_TASK TO COMPLETE:_ Your task is to give the records again exactly. Leave each picture out.
[[ DATA PROVIDED, beginning ]]
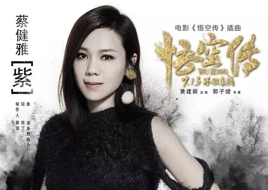 电影《悟空传》于今年7月13日在内地上映,而由蔡健雅演唱的电影插曲《紫》于7月14日正式发行,歌曲以电影中孙悟空与阿紫的凄美爱情故事为创作灵感,诠释心中有爱但却来不及相守的深深遗憾。歌曲在音乐与制作上斥重金打造,制作人郭顶加盟,也是蔡健雅与郭顶的首次合作,二人细心打磨歌曲,小到每句唱词的表达,都精益求精。
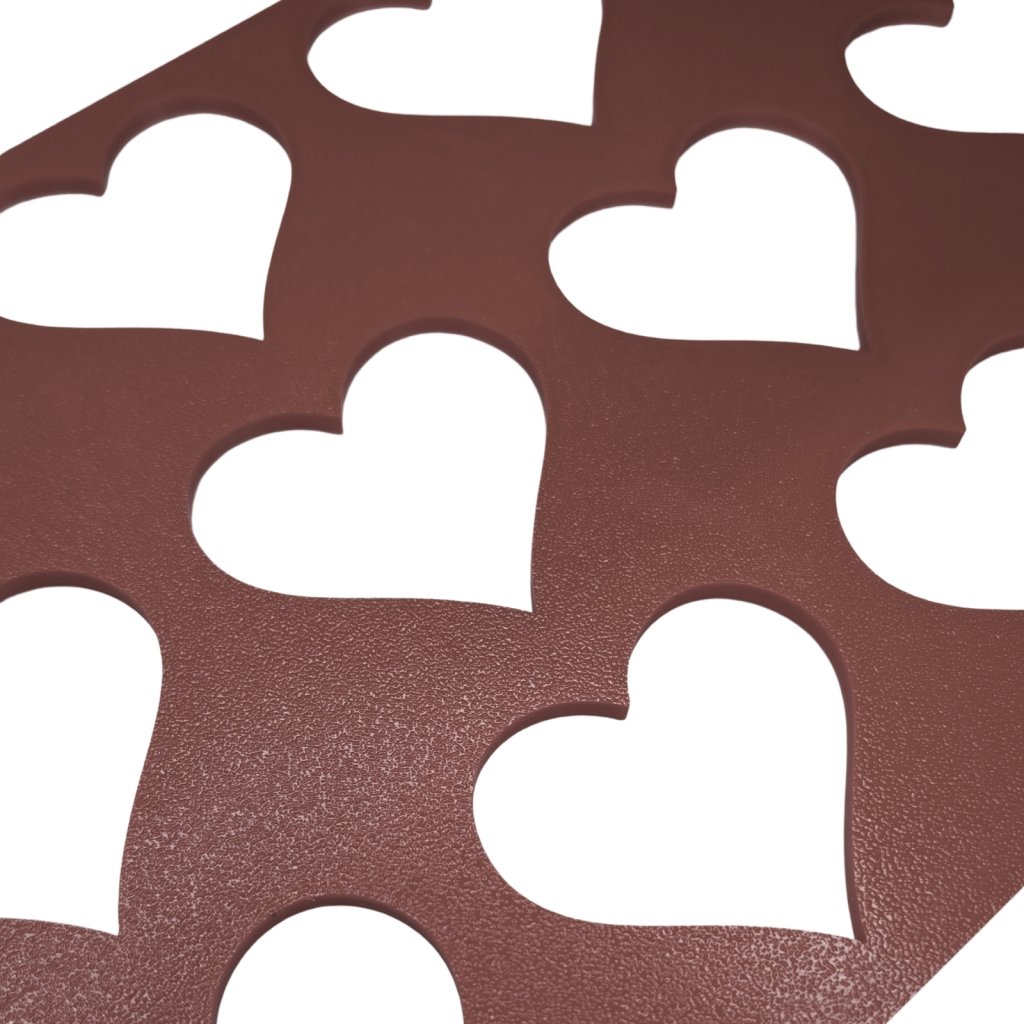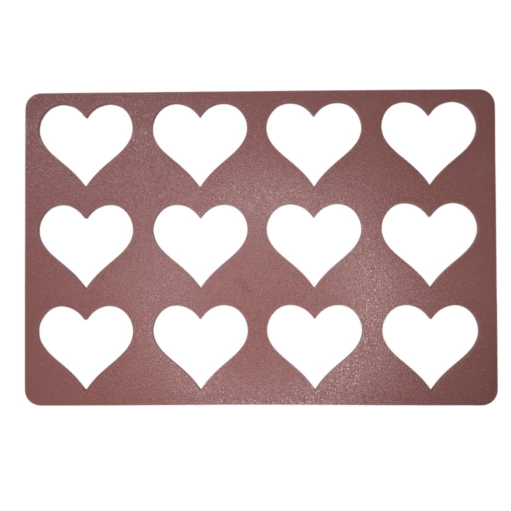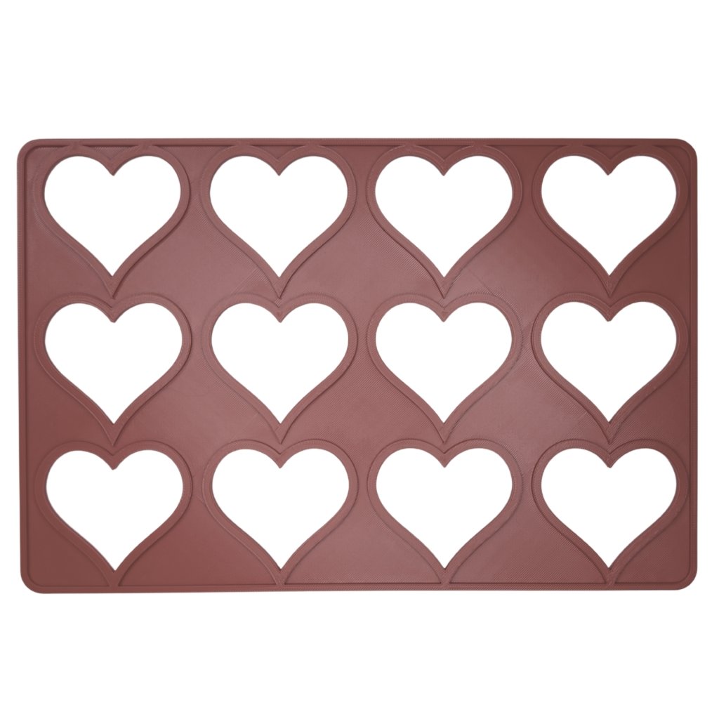 Šablona má praktický rozměr 20 x 30 cm, což odpovídá přesně polovině standardního pečicího plechu, a je tak ideální pro pečení v domácí troubě. Obsahuje 12 identickýh otvorů ve tvaru srdce (uspořádaných do 3 řad po 4 kusech), což optimalizuje kapacitu a pečení v dávkách.
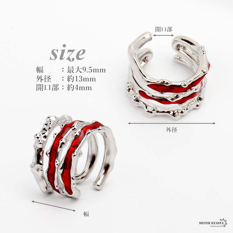 イヤーカフ レッド 赤 イヤーカフス レディース 3连 シルバー925 エナメル 片耳用 金属アレルギー
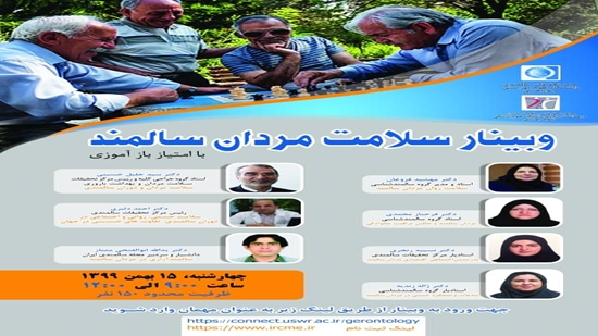 وبینار سلامت مردان سالمند (با امتیاز بازآموزی) توسط مرکز تحقیقات سالمندی با همکاری مرکز تحقیقات سلامت مردان و بهداشت باروری در تاریخ چهارشنبه 15 بهمن برگزار شد.
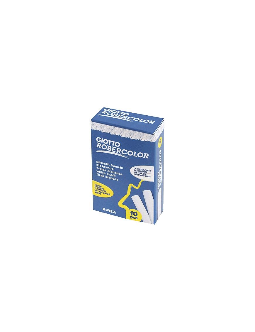 ROBERCOLOR Tizas Caja 10 ud Blanco 538700 Cód artículo: 735881 "Tizas redondas antipolvo fabricadas con la auténtica tiza de la ""Champagne"", Francia. Dermatológicamente testadas, para minimizar el riesgo de alergias. No contienen gluten."
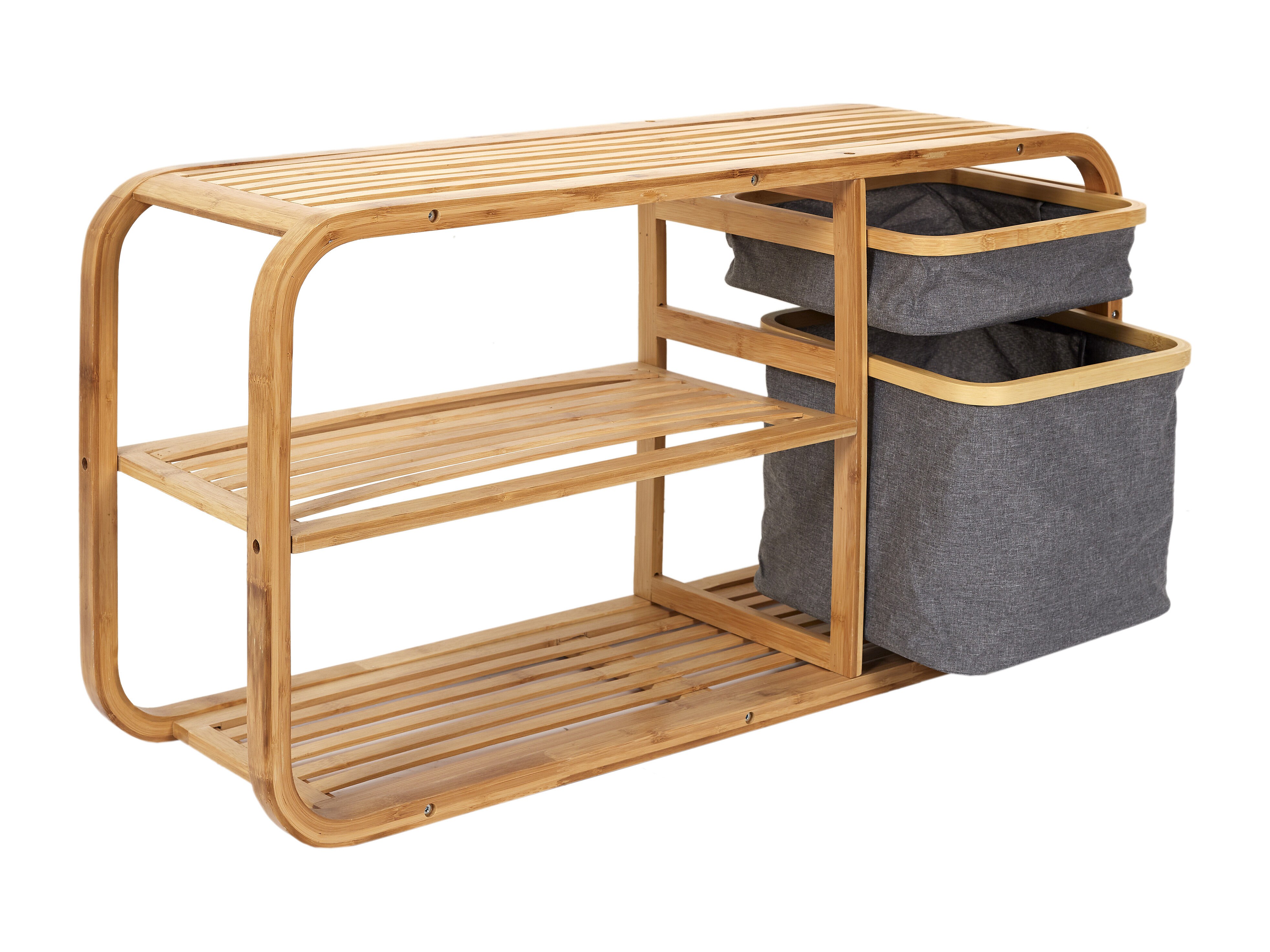 Panier à Linge 3 Compartiments sur Roulettes Imitation Jonc Naturel
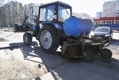 Для этого на технику разместили щётки и ёмкости для увлажнения подметаемой поверхности.
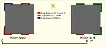 Le seul chapiteau construit au XIXe siècle est celui situé à la façade nord-est du pilier nord de la façade nord-est[B 3]. Il s'agit d'une copie très schématique des chapiteaux du Ier siècle av. J.-C., car les décors présentent de petites variantes et l'ensemble manque de relief[B 3].
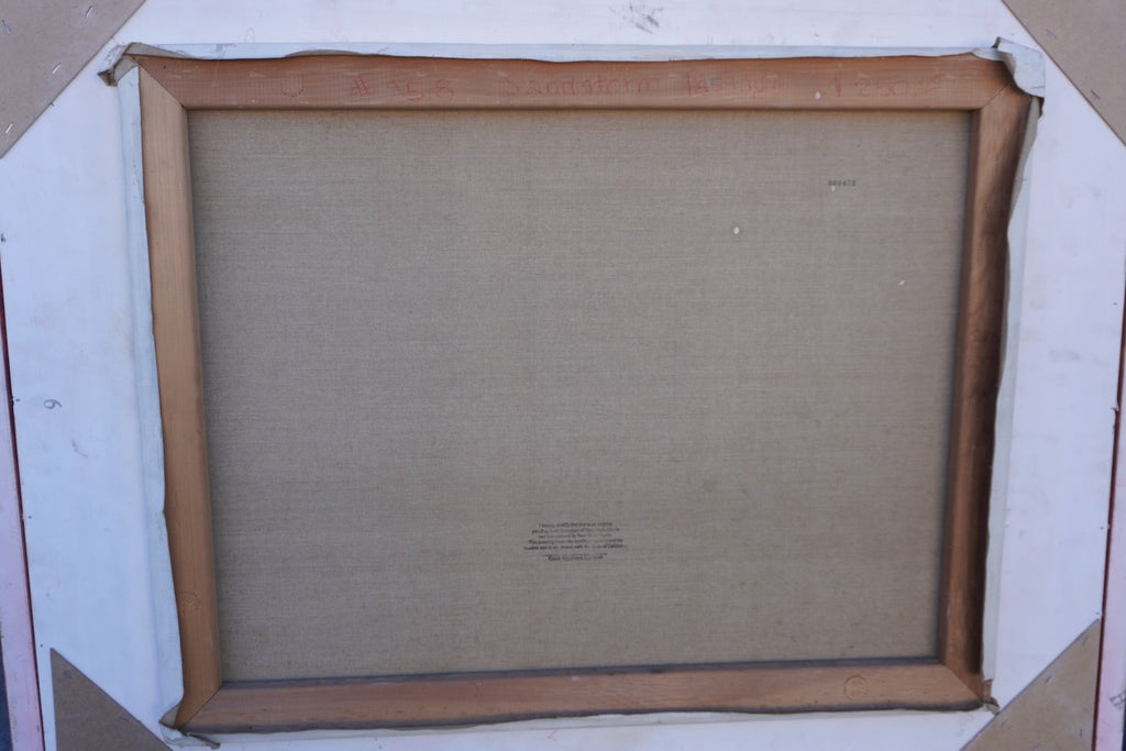 An incredible desertscape by celebrated California painter Sam Hyde Harris, renowned for his luminous depictions of the American West. This composition captures the vast serenity of the desert through rich, layered colors and masterful brushwork that draw the viewer into the scene. The artwork is beautifully presented in a bold, gilded frame that enhances its warmth and depth.
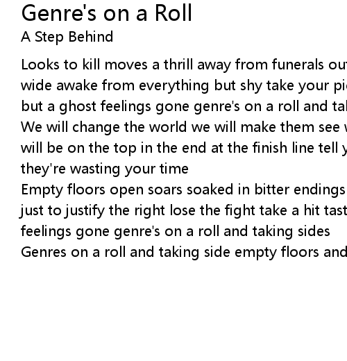 Empty floors open soars soaked in bitter endings why feelings die after lies just to justify the right lose the fight take a hit taste defeat and not a win feelings gone genre's on a roll and taking sides |
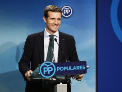 El presidente del Partido Popular se dirige a los medios desde Roquetas de Mar
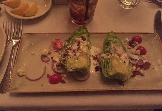 我过去多次去这家很棒的餐厅和酒吧,周二晚上在这里吃了一顿商务晚餐。布列塔尼犬的晚餐前饮料服务很好。她既友好又能干。菲利普,我们餐厅的服务员也很好。看到他们改变了晚餐菜单,我感到很失望。他们完全不把色拉当作开胃菜。唯一能得到沙拉的方法是用一种蔬菜来点菜。我吃了花椰菜熏鸡,味道很好。另一位同事说,他们很喜欢这种虾馅。这是一顿很好的饭。他们还有一个非常大的酒吧区,旁边有舒适的座位。他们晚餐菜单上的变化,特别是色拉对我的影响。他们的选择与许多其他牛排馆不同。
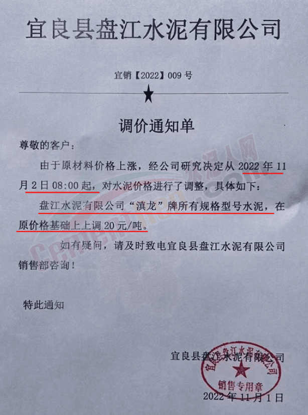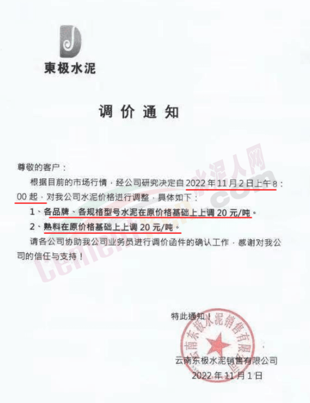 日前,云南区域华新水泥富民公司、云南东极水泥、宜良蓬莱水泥、宜良盘江水泥通知11月2日起,上调水泥及熟料价格20元/吨。
[[ DATA PROVIDED, end ]]
_RESPONSE TO THIS EXERCISE:_
 电影《悟空传》于今年7月13日在内地上映,而由蔡健雅演唱的电影插曲《紫》于7月14日正式发行,歌曲以电影中孙悟空与阿紫的凄美爱情故事为创作灵感,诠释心中有爱但却来不及相守的深深遗憾。歌曲在音乐与制作上斥重金打造,制作人郭顶加盟,也是蔡健雅与郭顶的首次合作,二人细心打磨歌曲,小到每句唱词的表达,都精益求精。
 Šablona má praktický rozměr 20 x 30 cm, což odpovídá přesně polovině standardního pečicího plechu, a je tak ideální pro pečení v domácí troubě. Obsahuje 12 identickýh otvorů ve tvaru srdce (uspořádaných do 3 řad po 4 kusech), což optimalizuje kapacitu a pečení v dávkách.
 イヤーカフ レッド 赤 イヤーカフス レディース 3连 シルバー925 エナメル 片耳用 金属アレルギー
 وبینار سلامت مردان سالمند (با امتیاز بازآموزی) توسط مرکز تحقیقات سالمندی با همکاری مرکز تحقیقات سلامت مردان و بهداشت باروری در تاریخ چهارشنبه 15 بهمن برگزار شد.
 ROBERCOLOR Tizas Caja 10 ud Blanco 538700 Cód artículo: 735881 "Tizas redondas antipolvo fabricadas con la auténtica tiza de la ""Champagne"", Francia. Dermatológicamente testadas, para minimizar el riesgo de alergias. No contienen gluten."
 Panier à Linge 3 Compartiments sur Roulettes Imitation Jonc Naturel
 Для этого на технику разместили щётки и ёмкости для увлажнения подметаемой поверхности.
 Le seul chapiteau construit au XIXe siècle est celui situé à la façade nord-est du pilier nord de la façade nord-est[B 3]. Il s'agit d'une copie très schématique des chapiteaux du Ier siècle av. J.-C., car les décors présentent de petites variantes et l'ensemble manque de relief[B 3].
 An incredible desertscape by celebrated California painter Sam Hyde Harris, renowned for his luminous depictions of the American West. This composition captures the vast serenity of the desert through rich, layered colors and masterful brushwork that draw the viewer into the scene. The artwork is beautifully presented in a bold, gilded frame that enhances its warmth and depth.
 Empty floors open soars soaked in bitter endings why feelings die after lies just to justify the right lose the fight take a hit taste defeat and not a win feelings gone genre's on a roll and taking sides |
 El presidente del Partido Popular se dirige a los medios desde Roquetas de Mar
 我过去多次去这家很棒的餐厅和酒吧,周二晚上在这里吃了一顿商务晚餐。布列塔尼犬的晚餐前饮料服务很好。她既友好又能干。菲利普,我们餐厅的服务员也很好。看到他们改变了晚餐菜单,我感到很失望。他们完全不把色拉当作开胃菜。唯一能得到沙拉的方法是用一种蔬菜来点菜。我吃了花椰菜熏鸡,味道很好。另一位同事说,他们很喜欢这种虾馅。这是一顿很好的饭。他们还有一个非常大的酒吧区,旁边有舒适的座位。他们晚餐菜单上的变化,特别是色拉对我的影响。他们的选择与许多其他牛排馆不同。
 日前,云南区域华新水泥富民公司、云南东极水泥、宜良蓬莱水泥、宜良盘江水泥通知11月2日起,上调水泥及熟料价格20元/吨。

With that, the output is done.